Unsurprisingly, the term “unstructured data” can be interpreted to mean very different things in different scenarios. We, therefore, need to clarify what exactly what we’re talking about so we can stay on the same page.
If you asked your English Professor, unstructured data would refer to some data that has absolutely no structure – literally “without structure”.
Take natural language, for example. To your English Professor, it’s structured data as follows many strict rules like grammar, punctuation, and spelling.
Paradoxically, in the realm of computer science, natural language is considered unstructured data.
As described earlier, your Data Scientist would tell you unstructured data just means that the data isn’t pre-defined or stored in a structured database format. Instead, it actualises in very complex manner. Like natural language – which is merely guided by the language’s laws.
Q2. Are receipts structured or unstructured?
Receipts and invoices may seem to be in a bit of a grey area.

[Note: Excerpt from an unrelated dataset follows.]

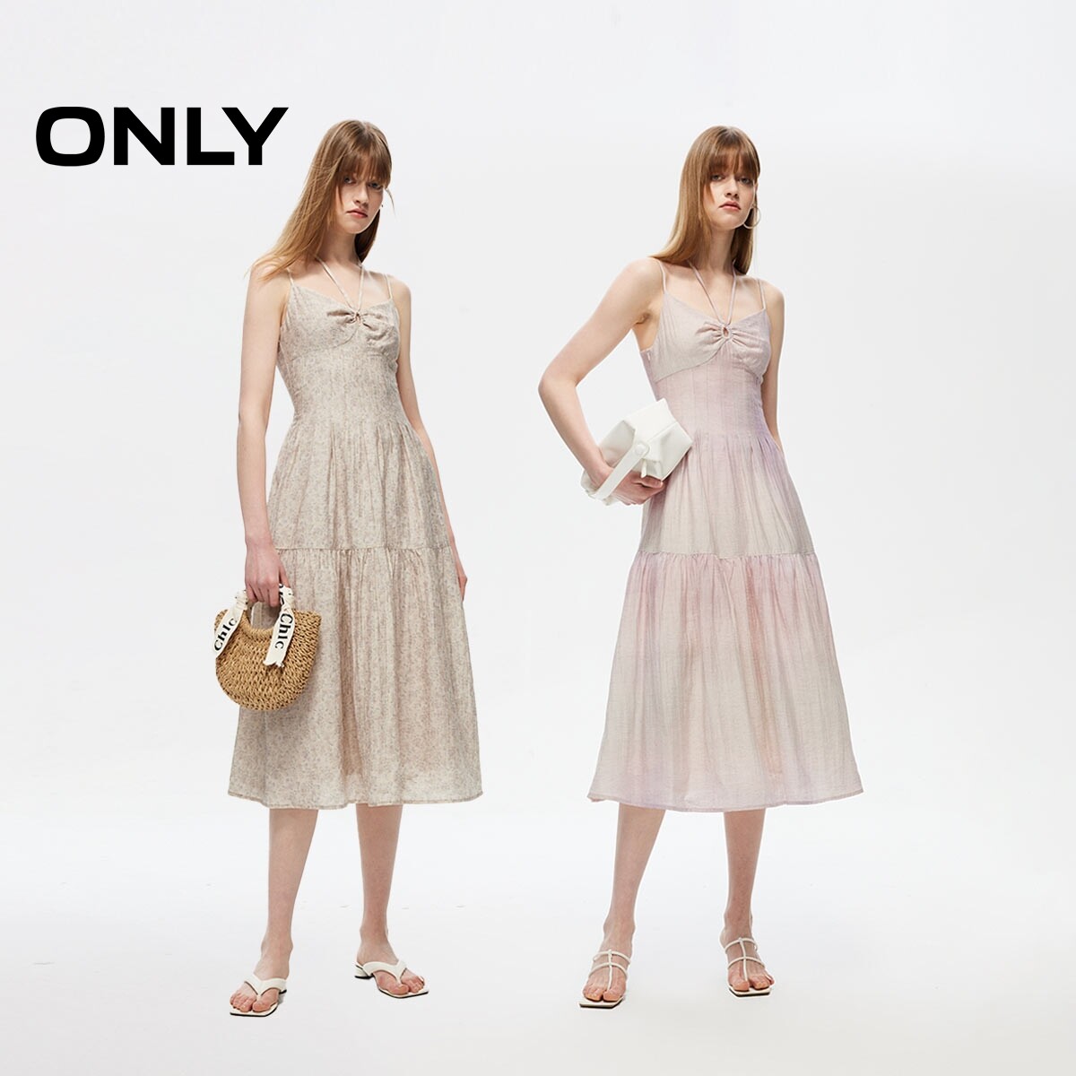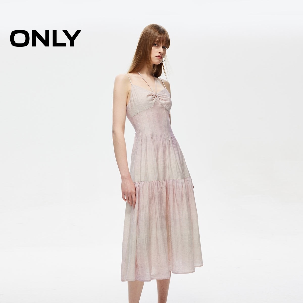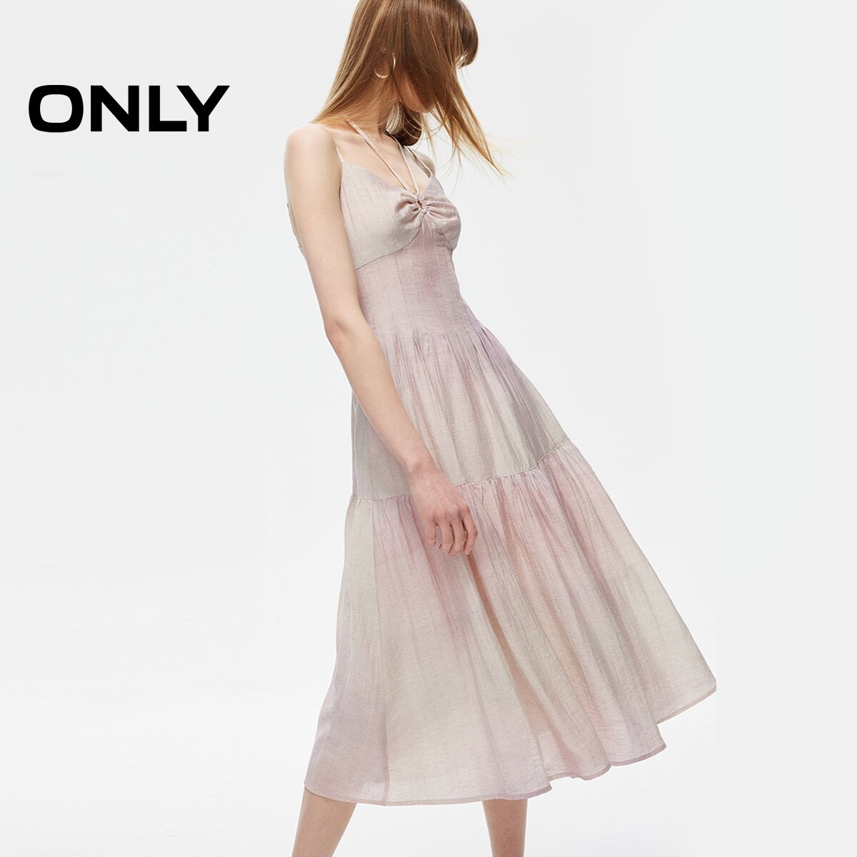 【ONLY奥莱】春季新款简约气质中长款挂脖系带连衣裙女

The different documents have similar basic structures and content, containing constant and necessary data points like:
- Total amount
- Vendor name
They begin to vary with the layout and other variable data, such as discounts, line items, more dates, branding, etc.
When you get your hands on receipt data it doesn’t fit neatly into nice wee standardised table formats (as you expect structured data to).

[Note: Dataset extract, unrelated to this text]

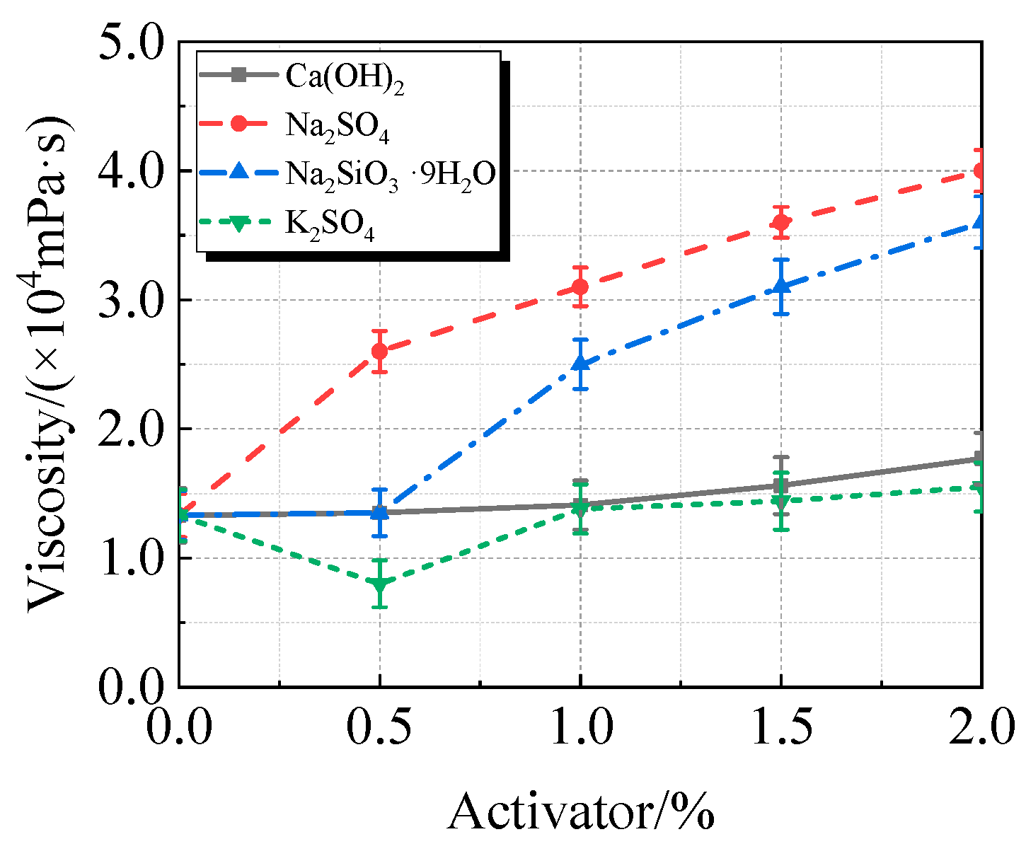 - Chen, J.S.; Qiao, M.; Wu, Q.Y. Effect and mechanism of different chemical activators on the activity of regenerated powder. Bull. Chin. Ceram. Soc. 2023, 42, 1409–1417. [Google Scholar] [CrossRef]

Also, receipts are often initially stored as image files – certainly placing them into the unstructured data category.
However, sometimes they’re considered what’s called “semi-structured” data, due to their relative simplicity and somewhat consistency of the data inside the document coupled with how easy it is for us humans to understand. You should know that it is, however, debatable.
Q3. What does AI have to do with unstructured data?
Computers are built to deal with numbers and thus structured data. Not unstructured data.
AI technology is more advanced than traditional computing and is finding new ways that are proving to be useful for getting unstructured into a more computer-friendly and manageable state.
It’s like a friendly robot arriving to clean up my wardrobe.
A variety of AI technologies is emerging for handling unstructured data e.g.,
- NLP for extracting information out of text (like emails, social media text, articles, business documents).
- Speech-to-text conversion (for transforming audio speed in text)
- Pattern recognition algorithms (for identifying and enabling categorising of objects – e.g., people, animals, biomedical data, and much more).
At its core, AI is being used for these 2 main purposes in unstructured data:
Data Management – AI has the power to process unstructured data and transform it into structured data.
Data Quality – AI can be to increase the quality of the data, through ‘pre-processing’ filtering and ‘post-processing’ enrichment of the data.
Q4. Why is Unstructured Text Data Important in Decision Making?
Processing unstructured data is especially important when we want to know about the context and sentiment (e.g., emotions) of text. Textual disambiguation is incredibly valuable because it allows text to be put into a structured database and then used for decision-making.
We want to use the information to gain insights at scales that we could never have even come close to before (i.e., without AI and computers).
Imagine making business decisions based upon 10-20% of existing digital data. Well, most companies don’t need to imagine. The reality is, without utilizing the right tools to handle unstructured data you’re limited to merely structured data.
This hugely decreases your ability to make confident and optimal decisions. Imagine being able to make use of 8x that amount of data, and often a richer more natural kind of data too. Well, that’s what this wave of innovation for unstructured data processing technologies enables you to do.
Get in touch now if you want to you are working on any OCR receipt scanning or other unstructured text data projects. My booking link is here.
In case you were curious
I spent the rest of my morning wiping out my drawers, folding my clothes, and shoeing away ants. By 11am I was able to find the space in my brain to decide what to wear.
With the help of an AI robot, I could’ve got on with my day 2 hours earlier, and probably chosen a better outfit.